Work instructions | Copy each line of the listing where the word "lernen" can be found.

*** Opening Data to examine ***

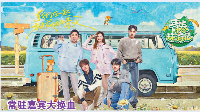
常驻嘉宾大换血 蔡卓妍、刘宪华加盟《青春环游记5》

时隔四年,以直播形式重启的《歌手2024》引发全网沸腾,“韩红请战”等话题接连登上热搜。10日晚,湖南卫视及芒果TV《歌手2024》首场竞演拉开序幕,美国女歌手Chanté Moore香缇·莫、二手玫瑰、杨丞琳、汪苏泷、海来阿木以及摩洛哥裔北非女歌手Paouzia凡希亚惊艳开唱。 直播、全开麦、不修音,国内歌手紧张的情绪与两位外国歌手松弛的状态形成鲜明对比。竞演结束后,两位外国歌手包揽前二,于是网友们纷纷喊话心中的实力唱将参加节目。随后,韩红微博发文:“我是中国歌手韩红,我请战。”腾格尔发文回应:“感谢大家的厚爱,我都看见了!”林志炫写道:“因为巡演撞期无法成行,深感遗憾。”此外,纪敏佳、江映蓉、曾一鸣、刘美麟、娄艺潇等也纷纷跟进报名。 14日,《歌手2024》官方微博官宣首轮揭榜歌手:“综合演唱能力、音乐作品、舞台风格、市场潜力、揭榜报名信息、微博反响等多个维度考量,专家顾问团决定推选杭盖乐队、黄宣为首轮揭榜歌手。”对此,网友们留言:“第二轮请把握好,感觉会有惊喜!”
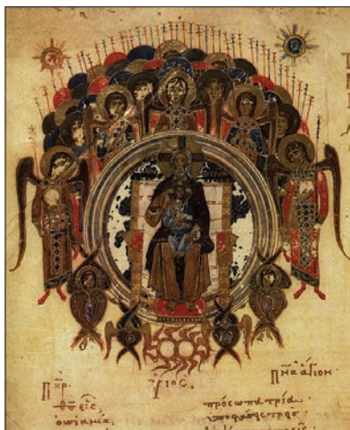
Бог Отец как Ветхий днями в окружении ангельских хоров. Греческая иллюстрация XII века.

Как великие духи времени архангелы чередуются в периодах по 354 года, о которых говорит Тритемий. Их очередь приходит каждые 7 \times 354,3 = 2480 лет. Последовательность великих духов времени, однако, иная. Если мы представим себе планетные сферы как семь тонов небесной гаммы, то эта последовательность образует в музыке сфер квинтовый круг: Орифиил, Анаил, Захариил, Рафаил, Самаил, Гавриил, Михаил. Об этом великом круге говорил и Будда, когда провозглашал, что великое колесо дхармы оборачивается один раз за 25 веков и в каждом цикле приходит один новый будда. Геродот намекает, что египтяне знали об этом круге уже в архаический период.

*** Closing Data to examine ***
*** Opening Data to examine ***

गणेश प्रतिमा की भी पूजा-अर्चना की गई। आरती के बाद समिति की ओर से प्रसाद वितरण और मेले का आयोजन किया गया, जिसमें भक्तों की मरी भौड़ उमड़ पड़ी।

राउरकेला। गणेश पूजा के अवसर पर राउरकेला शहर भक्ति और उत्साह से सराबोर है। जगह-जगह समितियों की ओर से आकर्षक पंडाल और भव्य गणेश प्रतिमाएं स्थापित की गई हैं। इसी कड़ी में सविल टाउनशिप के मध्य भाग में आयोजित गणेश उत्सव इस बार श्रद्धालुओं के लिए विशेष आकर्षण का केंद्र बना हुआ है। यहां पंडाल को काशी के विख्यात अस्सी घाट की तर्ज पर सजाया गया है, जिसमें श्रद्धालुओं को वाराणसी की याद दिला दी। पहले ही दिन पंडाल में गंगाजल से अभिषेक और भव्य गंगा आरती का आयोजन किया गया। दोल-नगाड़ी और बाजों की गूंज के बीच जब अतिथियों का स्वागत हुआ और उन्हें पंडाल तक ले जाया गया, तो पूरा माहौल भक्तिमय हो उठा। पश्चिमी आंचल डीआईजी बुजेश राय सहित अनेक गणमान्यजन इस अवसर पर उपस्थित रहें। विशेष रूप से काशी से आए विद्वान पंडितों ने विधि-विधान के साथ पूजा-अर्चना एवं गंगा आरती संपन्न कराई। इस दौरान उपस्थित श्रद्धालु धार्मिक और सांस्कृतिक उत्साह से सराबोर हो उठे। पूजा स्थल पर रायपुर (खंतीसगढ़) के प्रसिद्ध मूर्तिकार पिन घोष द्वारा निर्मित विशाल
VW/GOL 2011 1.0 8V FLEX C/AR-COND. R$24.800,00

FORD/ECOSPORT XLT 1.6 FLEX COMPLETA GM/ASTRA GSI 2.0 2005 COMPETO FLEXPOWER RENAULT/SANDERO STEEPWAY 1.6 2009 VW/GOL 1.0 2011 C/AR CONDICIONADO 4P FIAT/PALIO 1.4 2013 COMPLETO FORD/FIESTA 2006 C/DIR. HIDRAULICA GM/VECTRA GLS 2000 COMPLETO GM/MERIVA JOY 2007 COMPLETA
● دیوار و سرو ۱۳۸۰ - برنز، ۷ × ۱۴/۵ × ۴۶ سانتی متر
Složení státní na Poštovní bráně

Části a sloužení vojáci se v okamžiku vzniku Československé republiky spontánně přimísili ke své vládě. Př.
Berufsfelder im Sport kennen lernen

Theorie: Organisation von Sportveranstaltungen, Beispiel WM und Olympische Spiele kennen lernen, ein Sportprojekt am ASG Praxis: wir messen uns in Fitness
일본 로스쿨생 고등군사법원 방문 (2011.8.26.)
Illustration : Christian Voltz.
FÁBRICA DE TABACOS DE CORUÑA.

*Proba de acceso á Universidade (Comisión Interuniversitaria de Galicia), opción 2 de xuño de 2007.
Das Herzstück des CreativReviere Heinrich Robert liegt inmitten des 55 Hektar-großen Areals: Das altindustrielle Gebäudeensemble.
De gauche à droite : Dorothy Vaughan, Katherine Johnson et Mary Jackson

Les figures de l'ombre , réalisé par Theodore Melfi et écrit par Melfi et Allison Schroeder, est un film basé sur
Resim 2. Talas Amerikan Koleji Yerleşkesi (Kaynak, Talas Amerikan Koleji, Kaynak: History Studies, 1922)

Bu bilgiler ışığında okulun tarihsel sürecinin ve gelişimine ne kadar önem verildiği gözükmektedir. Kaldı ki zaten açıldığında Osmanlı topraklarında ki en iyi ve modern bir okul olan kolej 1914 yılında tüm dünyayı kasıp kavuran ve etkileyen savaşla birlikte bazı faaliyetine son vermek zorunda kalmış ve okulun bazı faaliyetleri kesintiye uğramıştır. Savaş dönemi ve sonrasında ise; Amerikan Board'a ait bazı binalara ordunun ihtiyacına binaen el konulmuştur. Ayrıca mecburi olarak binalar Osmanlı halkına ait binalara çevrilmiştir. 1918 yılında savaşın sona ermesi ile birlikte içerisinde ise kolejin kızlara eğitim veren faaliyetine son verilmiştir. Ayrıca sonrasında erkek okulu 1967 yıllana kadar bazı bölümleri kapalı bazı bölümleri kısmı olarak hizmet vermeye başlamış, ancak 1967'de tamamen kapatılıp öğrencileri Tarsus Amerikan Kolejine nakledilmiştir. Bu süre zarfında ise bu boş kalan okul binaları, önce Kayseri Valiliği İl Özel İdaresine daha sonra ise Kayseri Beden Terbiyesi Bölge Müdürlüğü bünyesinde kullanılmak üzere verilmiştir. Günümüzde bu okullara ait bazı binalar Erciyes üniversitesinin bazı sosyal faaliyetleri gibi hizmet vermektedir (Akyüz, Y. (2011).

*** Closing Data to examine ***

Response box |
Berufsfelder im Sport kennen lernen
Theorie: Organisation von Sportveranstaltungen, Beispiel WM und Olympische Spiele kennen lernen, ein Sportprojekt am ASG Praxis: wir messen uns in Fitness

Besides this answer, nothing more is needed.